日本の公共施設の清潔さとか、日本人の礼儀正しさとか、ごはんの美味しさを再認識。逆に、日本人のこういうところってどうなんだろう?という意識も生まれてくるし、引きで見ることで視野を広げることの大切さを実感することも。
そんななかで、四季の移り変わりが生み出す美しさは、私がこの国に生まれてよかったなぁと思うことのひとつでもある。
この連載で風鈴づくりを体験したときにも、風の動きを音で愛(め)でる日本人のロマンティックさに気付かされました。江戸風鈴の涼を誘う音色は、ノスタルジックだし、とっても癒やされる。このとき絵付けした風鈴は、今も大切に持っています。
10代のころは夏祭りも花火も、友だちと集まっていくこと自体が楽しくて、毎年出かけていたけれど。本当は人混みが苦手なので、このごろは季節のイベント的なものに出かける機会は少なくなったかな。

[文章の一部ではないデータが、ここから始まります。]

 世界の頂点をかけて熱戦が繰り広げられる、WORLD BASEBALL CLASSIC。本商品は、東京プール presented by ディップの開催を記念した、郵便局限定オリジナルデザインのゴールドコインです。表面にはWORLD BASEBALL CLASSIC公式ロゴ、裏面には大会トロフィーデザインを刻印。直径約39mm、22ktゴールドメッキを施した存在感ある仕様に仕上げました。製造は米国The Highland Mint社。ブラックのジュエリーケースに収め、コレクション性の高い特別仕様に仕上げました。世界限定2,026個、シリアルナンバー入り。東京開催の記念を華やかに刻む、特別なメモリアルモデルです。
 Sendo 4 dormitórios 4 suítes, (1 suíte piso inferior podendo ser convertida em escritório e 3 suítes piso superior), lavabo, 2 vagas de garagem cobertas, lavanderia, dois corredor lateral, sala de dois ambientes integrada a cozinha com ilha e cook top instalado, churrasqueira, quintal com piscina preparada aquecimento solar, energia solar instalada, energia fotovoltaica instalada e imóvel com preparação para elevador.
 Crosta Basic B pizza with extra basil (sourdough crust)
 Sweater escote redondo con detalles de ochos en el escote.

むしろ今は、日常生活のなかで四季を感じる時間と心の余裕を持つようにしています。たとえば、自転車で買い物に出かけたときに、あ、桜が咲きそう!とか、紅葉が始まってる!なんてことをキャッチしたり。日差しの強まり具合で夏を感じたり、肌寒いからもう夏が終わりそうとか。

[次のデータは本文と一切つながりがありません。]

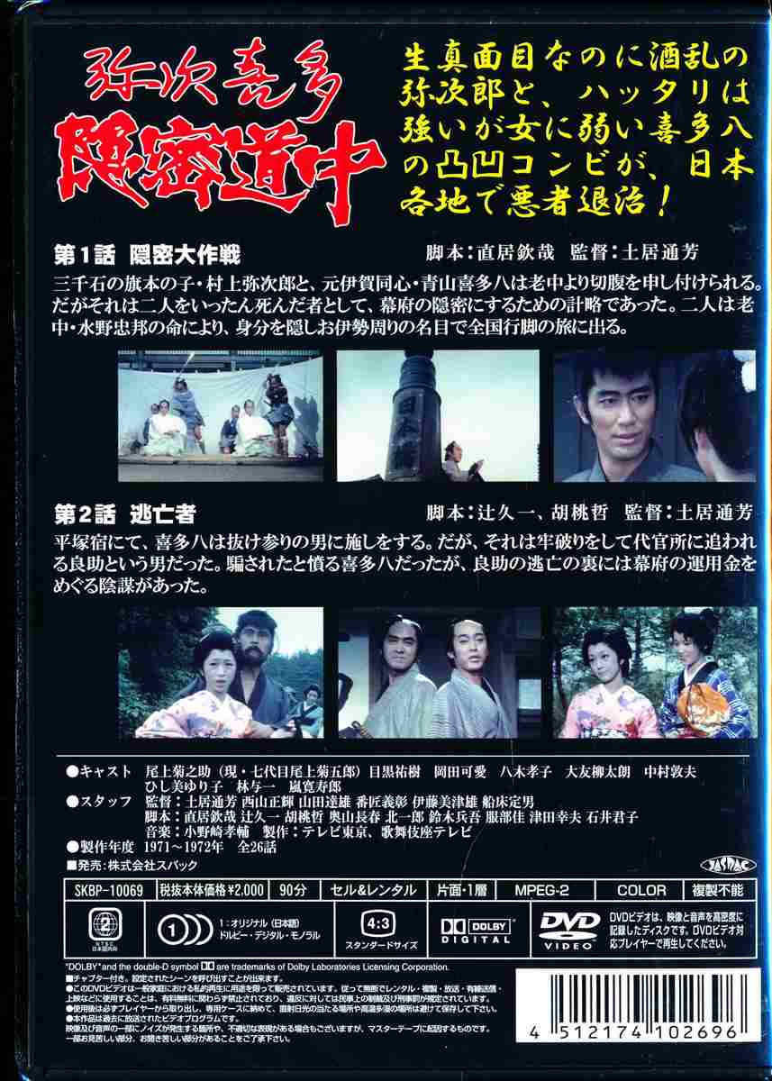 尾上菊之助と目黒祐樹の軽快な演技が光る痛快娯楽時代劇第1巻。時は天保。老中・水野越前守忠邦は、隠密を素人に任せてみることを思い付き、村上弥次郎と青山喜多八を特命捜査官に任命する。第1話「隠密大作戦」と第2話「逃亡者」を収録。
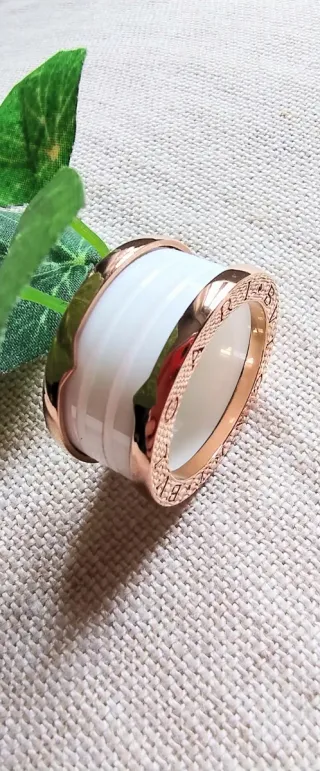 Ideal Ideal!! Magnífico clásico de 4 bandas. Inspiración bzero1, color oro rosa y cerámica blanca. Talla 16. Unisex. Acero de titanio. No sé estropea y es hipoalergénico. Preferiblemente envío por cualquier transportista qué no sea Correos 🙏. Más cositas en mi armario...

雨の気配、風の匂い、空の色・・・それは、自分が実際に外に出て、自分自身で出歩くようになったから体感できること。移動する車窓からではわからない。
時間に余裕がないときは、家の近くにどんな木があって、どんな花が咲いているのかなんてことも、まったく知らなかったから。わざわざイベントに行かなくなったけれど、むしろ今のほうが、何だかとっても日本の四季を楽しめている気がします。
そして自転車は、私の生活圏を広げてくれて、楽しみを増やしてくれるツール。スーパーマーケットへも、自転車に乗って気軽に出かけています。

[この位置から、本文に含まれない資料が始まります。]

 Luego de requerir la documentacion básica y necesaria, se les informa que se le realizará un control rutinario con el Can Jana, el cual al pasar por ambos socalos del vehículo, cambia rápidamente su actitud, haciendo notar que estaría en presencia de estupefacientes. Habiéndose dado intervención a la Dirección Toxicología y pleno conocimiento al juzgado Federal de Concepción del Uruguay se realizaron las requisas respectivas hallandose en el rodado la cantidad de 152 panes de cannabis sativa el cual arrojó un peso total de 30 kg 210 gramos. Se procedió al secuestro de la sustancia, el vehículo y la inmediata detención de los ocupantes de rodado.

2012年の夏に、連載で外苑前のバイクショールームを訪ねたときも、すでに自転車の素晴らしさを綴っていました。
(自転車は)今まで見慣れたと思っていた
景色のなかにも 新たな気付きや
発見をもたらしてくれるから。
自転車という気分転換ツールがあれば、
これからの季節を
さらに心地よく楽しめそうだ。
自転車に乗ることは、単に目的地に行くための手段ではなくて、乗っていること自体も楽しみたい。食材の買い物で近所に出かけた帰り道は、ちょっといつもと違うコースを通ってみようかな、とか。新しい店ができているけど、何だろう?と覗いてみたり。住んでいる街の景色の変化にも、敏感になれるのです。
気が付かずに通り過ぎてしまうこと、その季節その時間にしか出合えないこと。日常生活のなかで、ささやかかもしれないけれど、大切なことをひとつひとつ感じて、見て、触れて。豊かな毎日を過ごすことができたら、と思います。